━━━ DATA IN THIS EXERCISE ━━━
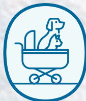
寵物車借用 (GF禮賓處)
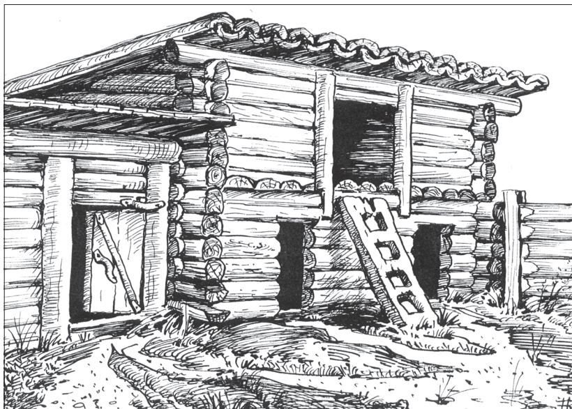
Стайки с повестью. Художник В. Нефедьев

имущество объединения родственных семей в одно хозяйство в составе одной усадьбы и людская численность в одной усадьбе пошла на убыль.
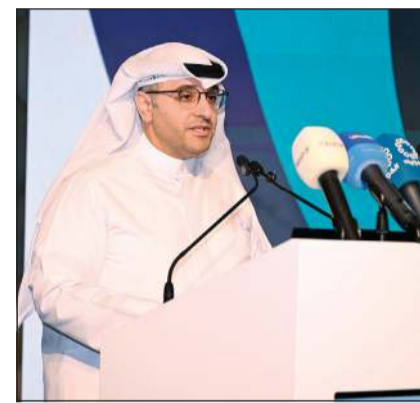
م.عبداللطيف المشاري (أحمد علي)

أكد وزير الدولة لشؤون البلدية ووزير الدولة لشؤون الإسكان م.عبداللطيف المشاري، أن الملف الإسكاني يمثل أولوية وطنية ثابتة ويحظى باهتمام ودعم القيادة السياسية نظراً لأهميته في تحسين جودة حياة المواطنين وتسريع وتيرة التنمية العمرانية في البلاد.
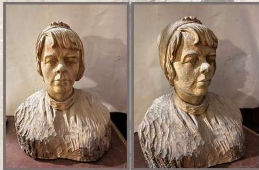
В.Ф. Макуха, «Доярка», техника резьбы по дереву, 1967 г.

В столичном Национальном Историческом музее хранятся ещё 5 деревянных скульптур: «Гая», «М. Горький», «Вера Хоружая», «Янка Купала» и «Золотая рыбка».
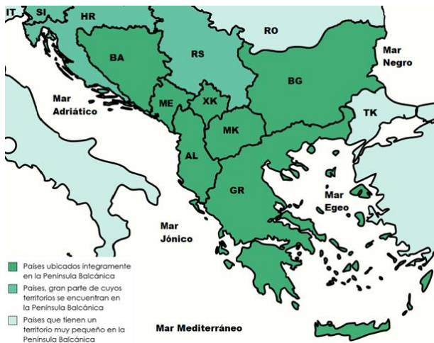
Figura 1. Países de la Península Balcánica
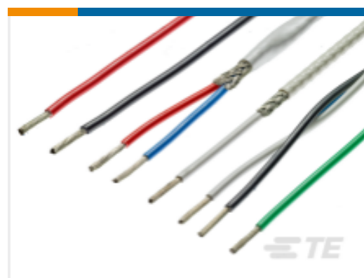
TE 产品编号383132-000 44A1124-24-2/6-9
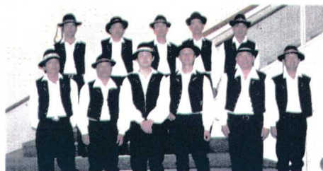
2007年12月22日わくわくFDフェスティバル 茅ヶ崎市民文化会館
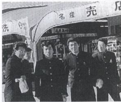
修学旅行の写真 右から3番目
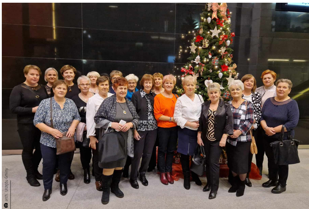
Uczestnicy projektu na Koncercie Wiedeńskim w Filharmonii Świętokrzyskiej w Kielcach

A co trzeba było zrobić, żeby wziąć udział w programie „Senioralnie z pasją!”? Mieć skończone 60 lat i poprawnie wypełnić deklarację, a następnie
━━━
━━━ DATA IN THIS EXERCISE ━━━
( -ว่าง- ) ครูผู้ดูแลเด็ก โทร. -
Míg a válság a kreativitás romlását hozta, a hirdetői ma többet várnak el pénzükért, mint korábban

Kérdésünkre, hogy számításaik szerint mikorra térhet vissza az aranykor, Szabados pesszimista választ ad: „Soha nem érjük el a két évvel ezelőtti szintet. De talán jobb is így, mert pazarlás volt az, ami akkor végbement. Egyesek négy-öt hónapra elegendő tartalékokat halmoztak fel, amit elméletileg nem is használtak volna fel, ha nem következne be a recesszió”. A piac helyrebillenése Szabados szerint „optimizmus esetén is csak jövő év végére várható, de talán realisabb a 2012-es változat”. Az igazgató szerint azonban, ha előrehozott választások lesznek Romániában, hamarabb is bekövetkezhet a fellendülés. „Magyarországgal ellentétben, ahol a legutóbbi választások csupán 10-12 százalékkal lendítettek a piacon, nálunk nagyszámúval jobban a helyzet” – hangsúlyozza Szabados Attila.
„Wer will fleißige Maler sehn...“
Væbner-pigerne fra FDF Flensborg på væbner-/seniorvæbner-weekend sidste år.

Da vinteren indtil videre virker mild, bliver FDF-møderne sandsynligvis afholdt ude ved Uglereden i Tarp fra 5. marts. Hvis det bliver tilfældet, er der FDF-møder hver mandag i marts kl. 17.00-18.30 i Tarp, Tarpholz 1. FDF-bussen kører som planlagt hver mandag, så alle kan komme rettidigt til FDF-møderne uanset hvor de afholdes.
━━━
━━━ DATA IN THIS EXERCISE ━━━
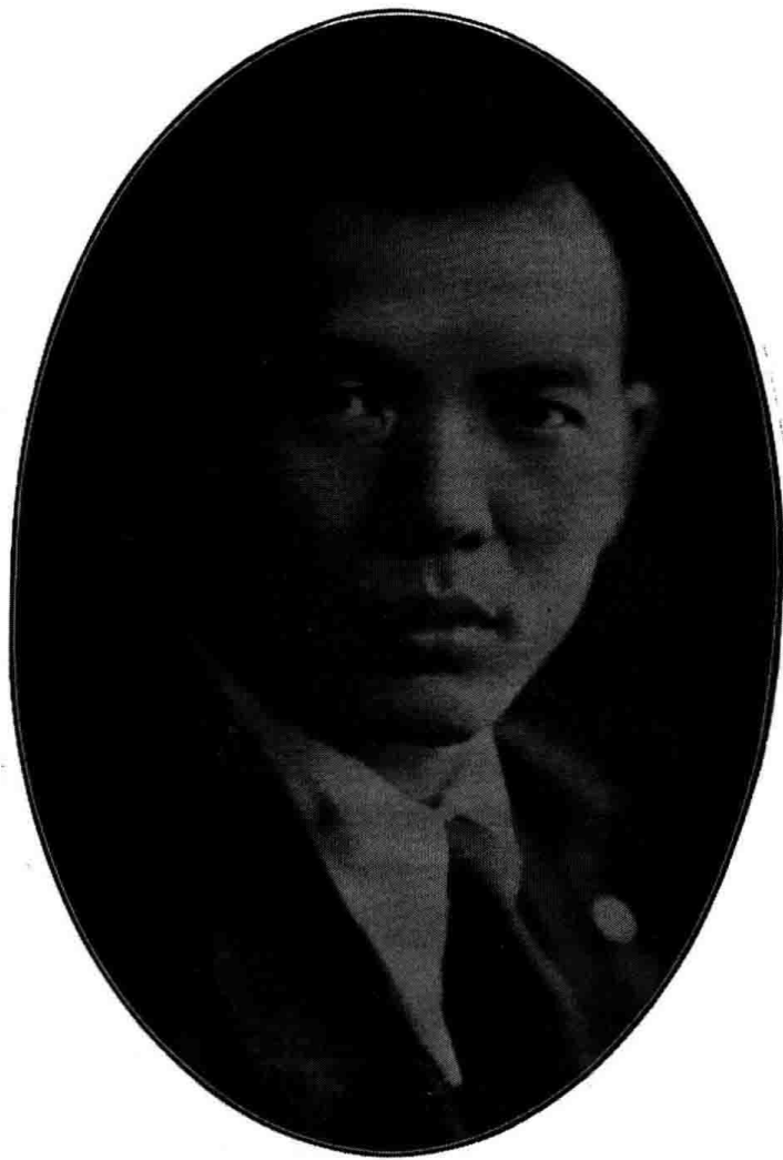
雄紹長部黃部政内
━━━
(TASK BRIEF): Would you please copy exactly the part of the entries above that begins at the line containing "( -ว่าง- ) ครูผู้ดูแลเด็ก" and ends at the line containing "Da vinteren indtil", both lines included?

(WRITTEN ANSWER):
( -ว่าง- ) ครูผู้ดูแลเด็ก โทร. -
Míg a válság a kreativitás romlását hozta, a hirdetői ma többet várnak el pénzükért, mint korábban

Kérdésünkre, hogy számításaik szerint mikorra térhet vissza az aranykor, Szabados pesszimista választ ad: „Soha nem érjük el a két évvel ezelőtti szintet. De talán jobb is így, mert pazarlás volt az, ami akkor végbement. Egyesek négy-öt hónapra elegendő tartalékokat halmoztak fel, amit elméletileg nem is használtak volna fel, ha nem következne be a recesszió”. A piac helyrebillenése Szabados szerint „optimizmus esetén is csak jövő év végére várható, de talán realisabb a 2012-es változat”. Az igazgató szerint azonban, ha előrehozott választások lesznek Romániában, hamarabb is bekövetkezhet a fellendülés. „Magyarországgal ellentétben, ahol a legutóbbi választások csupán 10-12 százalékkal lendítettek a piacon, nálunk nagyszámúval jobban a helyzet” – hangsúlyozza Szabados Attila.
„Wer will fleißige Maler sehn...“
Væbner-pigerne fra FDF Flensborg på væbner-/seniorvæbner-weekend sidste år.

Da vinteren indtil videre virker mild, bliver FDF-møderne sandsynligvis afholdt ude ved Uglereden i Tarp fra 5. marts. Hvis det bliver tilfældet, er der FDF-møder hver mandag i marts kl. 17.00-18.30 i Tarp, Tarpholz 1. FDF-bussen kører som planlagt hver mandag, så alle kan komme rettidigt til FDF-møderne uanset hvor de afholdes.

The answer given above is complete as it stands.